Please copy all of the data that follows exactly, leaving any pictures out.

• [Input data]
┄┄┄┄┄┄┄┄┄┄
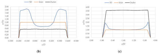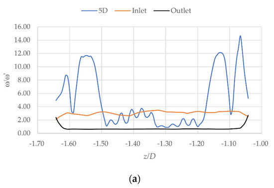 The streamwise velocity fluctuation Vth, normalized by the inlet velocity V0 and u is the velocity in the x-direction, is shown in Figure 7. The low-velocity core with the maximum peak velocities on either side of the jet centerline is present at the 5D stream of the propeller and is typically symmetrical. The three-blade propeller exhibits very high-velocity peaks. The four- and five-blade propellers decrease as the number of blades increases. The velocity profiles of the inlet and outlet for all blade cases are normal distributions of velocity flow for a turbulent flow. Where z is the axial distance and D is the diameter of the rotating domain. A note is made that the main flow domain was not rotating but only the rotating domain where propellers have their various impressions.
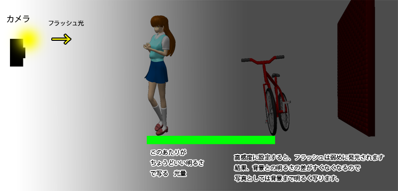 高感度では、より少ない光で適正露出となるため、フラッシュの発光量が減ります、そのため、この図では低感度より暗い範囲が広くなっているので 暗い印象になってますが、被写体のあたりの明るさと背景の壁や自転車あたりの明るさの差が小さくなるので、結果としては、写真は背景まで明るく写ります。
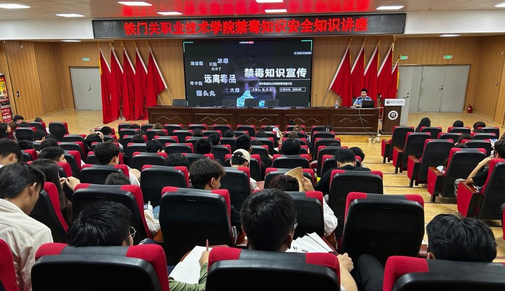 为深入推进禁毒宣传教育,筑牢校园防毒抗毒坚固防线,6月25日,在第38个国际禁毒日即将到来之际,beat365官方网站邀请第二师库尔勒垦区公安局刑事侦查大队民警与铁门关市人民检察院工作人员走进校园,以“健康人生,绿色无毒”为主题,通过线上线下相结合形式,为铁门关校区全体在校生带来一堂深刻的法治教育课。
┄┄┄┄┄┄┄┄┄┄
• [Response to the exercise]
 The streamwise velocity fluctuation Vth, normalized by the inlet velocity V0 and u is the velocity in the x-direction, is shown in Figure 7. The low-velocity core with the maximum peak velocities on either side of the jet centerline is present at the 5D stream of the propeller and is typically symmetrical. The three-blade propeller exhibits very high-velocity peaks. The four- and five-blade propellers decrease as the number of blades increases. The velocity profiles of the inlet and outlet for all blade cases are normal distributions of velocity flow for a turbulent flow. Where z is the axial distance and D is the diameter of the rotating domain. A note is made that the main flow domain was not rotating but only the rotating domain where propellers have their various impressions.
 高感度では、より少ない光で適正露出となるため、フラッシュの発光量が減ります、そのため、この図では低感度より暗い範囲が広くなっているので 暗い印象になってますが、被写体のあたりの明るさと背景の壁や自転車あたりの明るさの差が小さくなるので、結果としては、写真は背景まで明るく写ります。
 为深入推进禁毒宣传教育,筑牢校园防毒抗毒坚固防线,6月25日,在第38个国际禁毒日即将到来之际,beat365官方网站邀请第二师库尔勒垦区公安局刑事侦查大队民警与铁门关市人民检察院工作人员走进校园,以“健康人生,绿色无毒”为主题,通过线上线下相结合形式,为铁门关校区全体在校生带来一堂深刻的法治教育课。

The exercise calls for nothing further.